Be generous when you can. Earlier this week, an editor asked me if I could add a quiz to a story I’d already turned in. I'd originally thought about doing a quiz but the story ran long, so I didn't include it. I briefly considered asking for more money; after all, she's asking for more work. Then I reconsidered. She's been giving me a lot of work lately, edits are minimal, and I like the story assignments I get. I emailed her back and told her I’d be happy to do it gratis and turned it in the next day. (No, I don’t do that on a regular basis. I can't afford it. But I figure it’s an investment in our relationship.)
Do what you say you’ll do. I’m telling you, writers blow this all the time. Doing what you promised means more than meeting your deadline. It also means giving the editor what she asked for in terms of subject, slant, sources, and word count. It means turning in clean copy that’s free of misspellings, factual errors, grammatical mistakes, and the like. If you can’t do what you promised (say, you can’t meet the deadline), tell your editor. Don’t do what a writer I know did and simply “go rogue” and disappear for weeks. Needless to say, she never wrote for our mutual editor again!

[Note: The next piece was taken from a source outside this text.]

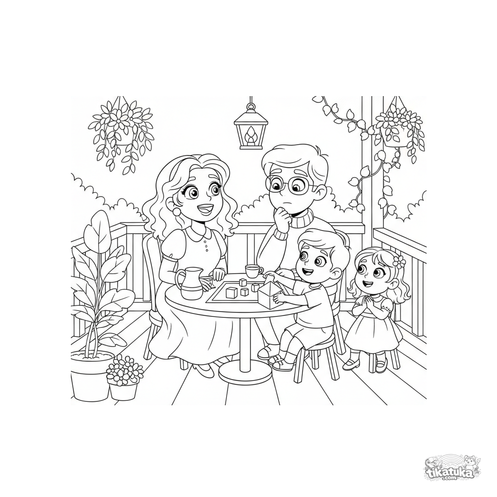 Página para colorir para 7-9 anos: uma família jogando um jogo de tabuleiro na mesa da varanda aconchegante ao anoitecer. Cena com emoções, peças do jogo e um bule de chá.

Be low-maintenance. One of the nicest compliments I’ve ever had as a freelancer was when an editor told me I’m a “low-maintenance writer.” I know what she meant. It’s not just the quality of your wok that determines whether you’ll get assignments. Other factors—like how quickly you respond to requests for revisions (which I know we all hate!), how diligent you are about coming up with story ideas, and even how pleasant you are—can all play a role as well.
Always have a back-pocket idea. When is an editor most disposed to give you an assignment? When she emails you to say "great job on this story," "I'm putting payment through," or some variation of the same. That's why I like to have an idea at the ready to pitch--I figure there's no better time to have her say "yes" again than when she's happy with a previous assignment. Don't let too much time lapse between pitches--ideally, have a new idea for an editor within two weeks of having her accept a piece.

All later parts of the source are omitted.